日本通信は2010年7月29日、地域WiMAX事業者向けの共用CSN事業から撤退すると発表した。「KDDIが批判的な動きを取り、それに対する対応が不十分であるなど、地域WiMAX推進協議会の立場が大きく変化した。協議会の全面的な支援が得られない状態で本事業を実施することは、当社の経営リスクを高め、株主の利益を毀損する事態を惹起する可能性が高い」と理由を説明している。

 CSN(Connectivity Service Network)は認証や課金機能を提供するシステムのことである。共用CSNを導入することによって、各地域WiMAXに導入されたシステムに合わせた専用品ではなく、汎用的な通信モジュールやWiMAX内蔵パソコンをユーザーが使えるようになる。これによって地域WiMAXの加入が容易になるという地域WiMAX事業者の見通しは変更を迫られることになる。

 地域WiMAX事業者の団体である地域WiMAX推進協議会は、2010年3月23日に共用CSNの提供候補企業による提案説明会を実施していた。説明会には日本通信ら4社が参加し、地域WiMAX事業者を中心とする協議会の構成員に対して、事前に協議会が公開していたCSNの仕様に基づいた提案を行った。4社による提案後、協議会は構成員に対してどの企業を支持するかを問うアンケートを実施した。結果は約2/3が日本通信の提案を支持した。この結果を受けて日本通信は、5月6日に「地域WiMAX推進協議会の推奨を受け、クラウド型の共用CSNサービスを提供する」という発表を行っていた。
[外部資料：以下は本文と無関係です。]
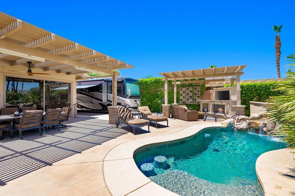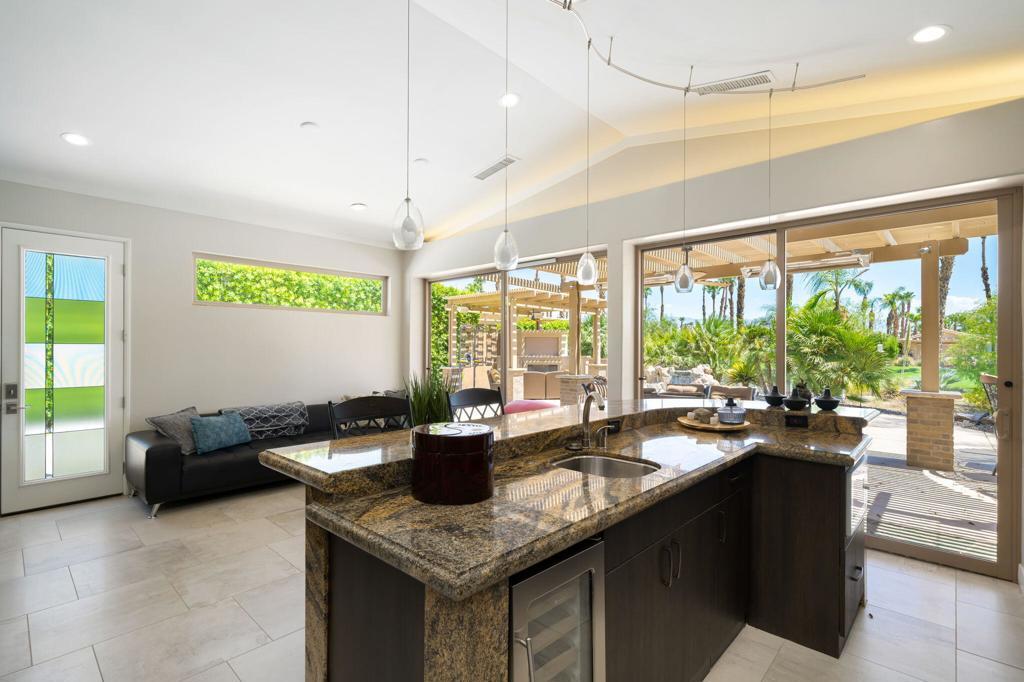 #16 DESERT SHORES RESORTRedesigned, 1,200 Sq Ft Villa now with 2 Retreats + 2 Bathroom, (1 with steam shower) and a 438 Sq Ft. garage with car lift. Total size of structure is 1,638 Sq. Ft.Outdoor living offers huge, circular granite bar, pool and outdoor fireplace situated high above Lake 1 with fountain views!Association includes clubhouse, tennis, pickleball, fitness center, community pool & spa, social activities, 24-hour, guard gated with high-tech perimeter security, trailer storage area, doggie park, front yard landscape maintenance & High Speed Internet.

 順調にいけば日本通信は2010年7月にも共用CSNサービスの提供を提供する予定だった。しかし同じくCSNを複数の事業者で共同利用するサービスを提供しているKDDIは、協議会が日本通信を推奨したことに対して抗議する電子メールを、協議会に送った。元々KDDIは共用CSNの提案説明会に参加したい旨を表明していたが、協議会が示した仕様にOMA-DM(open mobile alliance-device management)の実装することという記述があり、その実装を説明会に参加する上で必須事項とする協議会と実装しなくても提案に参加したいとするKDDIとで折り合いがつかなかったためである。こうした経緯を経て、KDDIは日本通信の発表の後に抗議をした。

 KDDIの抗議メールがどう影響したかは不明であるが、その直後に日本通信から協議会に対して、共用CSN事業から撤退したいという申し出があった。協議会は事業から撤退しないよう日本通信を説得したが、交渉は不調に終わり、撤退の発表となった。